To achieve the first 40%, the make commands (see section 5) should generate the correct executables and execute benchmarks without crashing. 20% of your grade will depend on a demonstration that your basic branch predictor (Alpha 21264 Tournament Branch Predictor) has a branch misprediction rate of at most 5.5% on the basic noncompetition traces.

For the competition score, if you are in the top quartile for all **competition traces** (**released and unreleased**), you will receive the full 20%. If you are in the second quartile, you will receive 15%. If your misprediction rate is at least as good as the TAs' branch predictor misprediction rate, you will receive at least 10%. If your branch predictor misprediction rate is worse than the TAs' branch predictor, you will receive 0%. (To be fair, the TAs will not optimize their branch predictor for the unreleased traces.) **Half of all competition traces and the TAs' score will be released in two weeks**. If you are a top-scoring team, you will be rewarded with a token prize and bragging rights.

Finally, the remainder of your grade will depend on the quality of your design review answers as well as a report and presentation, documenting the design and results of your predictor. The report should include design methodology and how you arrived at your competition predictor. Clearly outline how you used your storage budget.

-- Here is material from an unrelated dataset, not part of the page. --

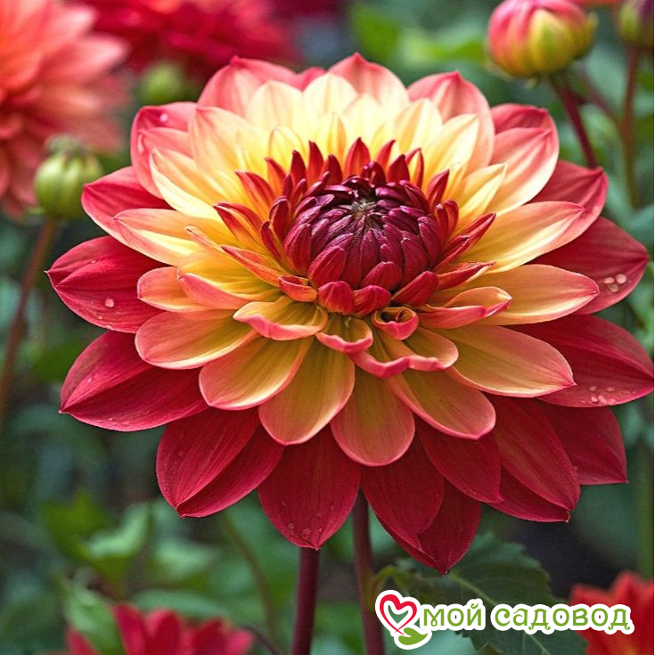 Георгин (Dahlia) — род многолетних травянистых клубневых растений семейства Астровые (Asteraceae) или Сложноцветные (Compositae). Георгины родом из горных районов Мексики и Центральной Америки были завезены в Европу в конце XVIII века и быстро завоевали популярность благодаря своей красоте и разнообразию форм и окрасок. На сегодняшний день существует более 42 видов георгинов и десятки тысяч сортов, различающихся по высоте куста, форме и размеру цветков, окраске и махровости. Внешний вид и строение: Георгин — это травянистое растение с клубневидными корнями, которые служат для запасания питательных веществ. Клубни георгинов имеют продолговатую или веретенообразную форму и могут быть разного размера, в зависимости от сорта. Стебли георгинов прямостоячие, полые, ветвистые, высотой от 30 см до 2,5 метров и более, в зависимости от сорта. Листья георгинов супротивные, перистые или дважды перистые, зубчатые по краю, обычно зелёные, но у некоторых сортов могут быть красноватыми или пурпурными. Цветки георгинов — это сложные соцветия, представляющие собой корзинки, состоящие из язычковых и трубчатых цветков. Язычковые цветки обычно крупнее и имеют разнообразную форму и окраску, а трубчатые цветки — мелкие и расположены в центре корзинки. У махровых сортов трубчатые цветки превращаются в язычковые, увеличивая махровость соцветия. Форма соцветий георгинов очень разнообразна: от простых ромашковидных до шаровидных, кактусовидных, помпонных и т.д. Диаметр соцветий варьируется от 5 до 30 см и более. Окраска соцветий также очень разнообразна и включает в себя практически все цвета и оттенки, кроме чистого синего и зелёного. Часто встречаются двухцветные и многоцветные сорта с контрастными полосками, пятнами, штрихами и другими узорами. Классификация георгинов: Существует несколько систем классификации георгинов, основанных на различных признаках. Наиболее распространенной является классификация по форме соцветий, согласно которой выделяют следующие основные группы: Простые (одноцветковые): соцветия с одним рядом язычковых цветков и открытой сердцевиной из трубчатых цветков. Анемоновидные (Anemone-flowered): соцветия с несколькими рядами язычковых цветков и выпуклой серединкой из удлинённых трубчатых цветков. Воротничковые (Collarette): соцветия с одним рядом крупных язычковых цветков и одним рядом более мелких язычковых цветков, образующих воротничок вокруг серединки из трубчатых цветков. Кувшинковые (Nymphaeaceae): соцветия с широкими, плоскими язычковыми цветками, расположенными горизонтально, напоминающими цветки кувшинок. Декоративные (Decorative): соцветия с многочисленными широкими язычковыми цветками, полностью закрывающими серединку. Шаровидные (Ball): соцветия шаровидной формы, с плотно свернутыми язычковыми цветками. Помпонные (Pompon): соцветия шаровидной формы, меньшего размера, чем шаровидные, с плотно прилегающими друг к другу язычковыми цветками. Кактусовые (Cactus): соцветия с узкими язычковыми цветками, свернутыми в трубочки, напоминающими иголки кактуса. Полукактусовые (Semi-cactus): соцветия с язычковыми цветками, свернутыми в трубочки не более чем наполовину. Смешанные (Miscellaneous): сорта, не относящиеся ни к одной из вышеперечисленных групп. Условия выращивания и уход: Георгины теплолюбивы и светолюбивы, поэтому для их выращивания необходимо выбирать солне
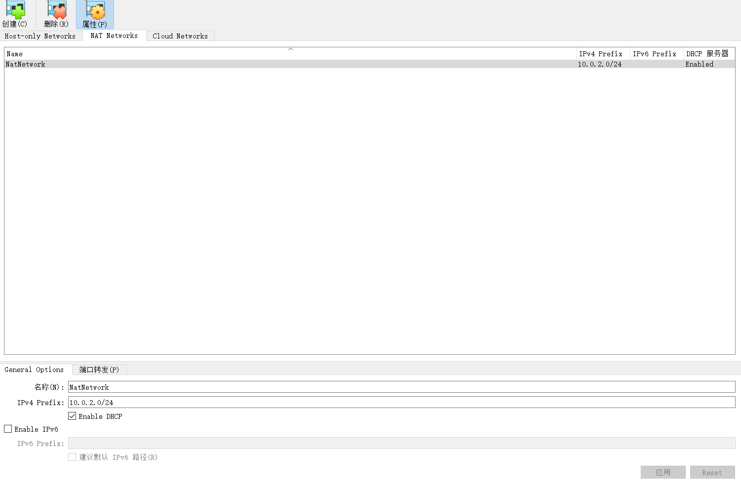 首先,在virtualbox中选择工具->NAT Networks,创建一个Nat网络。

Presentations will be given on December 6 and December 8. More details will be provided later.

## 7. Design Review

- 1. List five reasons why Project 4 does not accurately reflect true branch prediction.
- 2. What is aliasing? Describe cases where aliasing is desirable and undesirable.
- 3. Does increasing the number of bits used for the saturation counter always improve performance? Give an example supporting your position.
- 4. There are 3 two-level adaptive branch predictors named PA\*. For each, describe a trace where it has least mispredictions.

### 8. Submission

The final submission will be done electronically. Copy all relevant files to the directory in /afs/ece/class/ece741/project4/submission/your\_email which matches the email of the student who e-mailed the group names. The directory is unlocked until the deadline so you can make changes until then if you submit early.